By BUKAR Mohammed
The recent circular from the Central Bank of Nigeria (CBN), FPR/DIR/GEN/CIR/001/002, dated February 10, 2025, announcing a review of Automated Teller Machine (ATM) transaction fees, deals another blow to Nigerians already grappling with economic hardship. Effective March 1, 2025, the new policy raises charges on ATM withdrawals, especially when using machines not owned by the customer’s bank. This decision not only appears inconsiderate but also deepens financial exclusion and escalates the cost of banking in Nigeria.
Key Changes and Their Implications
The revised ATM fees include:
- On-Us Transactions (Same Bank ATM Withdrawals): Remain free.
- Not-On-Us Transactions (Other Bank ATMs):
- On-site ATMs: ₦100 per ₦20,000 withdrawal.
- Off-site ATMs: ₦100 plus a surcharge of up to ₦500 per ₦20,000 withdrawal.
- International Withdrawals: Full cost recovery, meaning banks will pass on the exact fee charged by foreign institutions.
- Remote-On-Us Withdrawals: The three free monthly withdrawals have been abolished.
A Disguised Tax on the Poor
The CBN defends these changes by citing “rising costs” and the need to encourage broader ATM deployment. However, this rationale is deeply flawed. Nigeria’s banking sector is among the most profitable in Africa, yet instead of reducing costs for consumers, the new policy further enriches banks at the expense of ordinary Nigerians.
Eliminating the three free withdrawals on other banks’ ATMs forces even the most financially vulnerable Nigerians, who may lack access to their bank’s ATM, to pay exorbitant fees simply to access their own money. The introduction of surcharges on off-site ATMs is especially egregious, penalizing those who depend on independent ATM operators, often in rural or underserved regions.
Contradictions and Economic Consequences
This policy comes at a time when:
- Businesses are battling high inflation and currency depreciation.
- Many Nigerians are facing job losses and declining purchasing power.
- The government has already imposed a windfall tax on banks, indicating that they are reaping excessive profits.
Rather than providing relief, the CBN’s new fee structure effectively taxes routine financial transactions, discouraging cash withdrawals and everyday banking activities.

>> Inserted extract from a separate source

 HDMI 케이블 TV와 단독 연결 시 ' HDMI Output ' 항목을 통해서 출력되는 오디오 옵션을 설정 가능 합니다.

This move contradicts efforts toward financial inclusion and risks pushing more Nigerians into informal, cash-based economies.

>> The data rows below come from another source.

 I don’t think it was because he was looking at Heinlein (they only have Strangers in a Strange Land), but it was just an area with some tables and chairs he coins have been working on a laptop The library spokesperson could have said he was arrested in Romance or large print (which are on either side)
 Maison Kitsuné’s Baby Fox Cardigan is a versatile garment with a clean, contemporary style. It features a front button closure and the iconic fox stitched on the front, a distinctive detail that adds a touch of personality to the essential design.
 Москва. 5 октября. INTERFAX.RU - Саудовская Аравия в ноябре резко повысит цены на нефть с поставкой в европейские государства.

The Need for a More Considerate Approach
The CBN’s trial-and-error approach to policy-making calls for a more thoughtful and balanced strategy. This decision, like several before it, appears disconnected from the economic realities facing many Nigerians. The central bank should prioritize protecting consumers and ensuring that the banking system serves the wider population. Constructive dialogue among stakeholders is essential to create a fairer banking environment that emphasizes financial inclusion and accessibility. By addressing these concerns, the CBN could help restore trust and stability in the nation’s financial system for all Nigerians.